After a full academic year of researching, designing, building and testing sponsored projects, teams of UA engineering students will present their work at the 14th annual Engineering Design Day next Tuesday.
The Interdisciplinary Engineering Design Program divided 500 engineering seniors into teams to work on design projects sponsored by faculty, UA clubs and companies like Raytheon, Honeywell Aerospace and Texas Instruments.
Ara Arabyan, aerospace and mechanical engineering associate professor, is the director of the Engineering Clinic at the UA and has organized Engineering Design Day since 2009.
“This is the biggest event of the year,” Arabyan said.
He said the event is a university-industry partnership—it not only provides undergraduate engineers with a real-life design experience, but also gives companies a fresh perspective from a team of graduating engineers.
The engineering seniors will display their work throughout the Grand Ballroom in the Student Union Memorial Center and along the UA Mall for the public to see and for judges to evaluate.
Arabyan said there are 130 judges from the industry who are broken up into 22 pods, each of which will have their own schedule of what projects to visit.

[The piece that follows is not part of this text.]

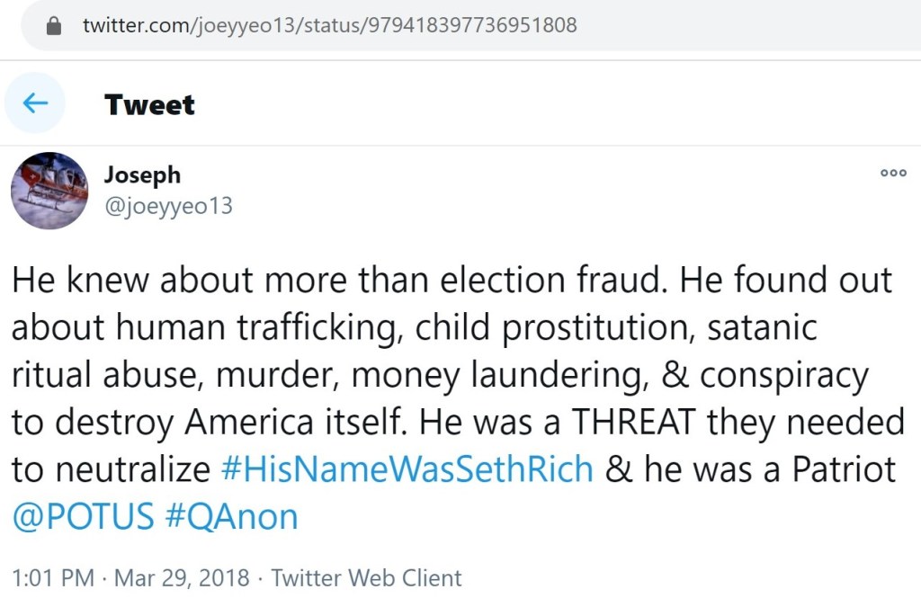 Claims about Seth Rich and the Awans would continue to be perpetuated by Q. Other smears that were produced by Gotcha News Network and propagated by @joeyyeo13 would later appear in Q’s posts. Some examples include:

The pods of judges will then evaluate and nominate projects for the 22 awards before each is randomly assigned to an award, where they will visit the nominated projects and determine a winner.
Heather Moore, coordinator for career engagement, said this year there will be 99 projects competing for more than $17,000 in prizes and trophies. For the first time ever, there are students competing from every department in the College of Engineering.
“We have some very inspiring projects, including development of a 3-D printer to print temporary graft tissue, enhancing the launch capabilities for an automated life rescue boat, developing better environmental humidity inside a spacesuit and lots of different biomedical, biosystems and aerospace projects among other topics,” Moore said.
Arabyan said this year will bring an all time high of 500 student participants-—that’s up from 370 students from last year.
Design Day’s new smartphone app acts as a digital guide to the event. The app and the event website both give readers the chance to access a map of the event, schedule, project descriptions and other features.
Arabyan said the app—which cost around a few thousand dollars create, update and host on Google Play and Apple App Store—will allow attendees to access Design Day information easier.
He added that the Design Day website, which has a back end for organizers, has cost around a total of $75,000 to maintain over the years he’s run the program.
“All of this money doesn’t come from the university,” Arabyan said. “It comes from the companies, they pay for all this.”
Although many schools across the country hold a capstone similar to this, Arabyan said that he always hears from judges that the UA’s is the best.
“Nobody is as well organized as this,” Arabyan said. “They don’t have the website, they don’t have the app, they don’t have the tools.”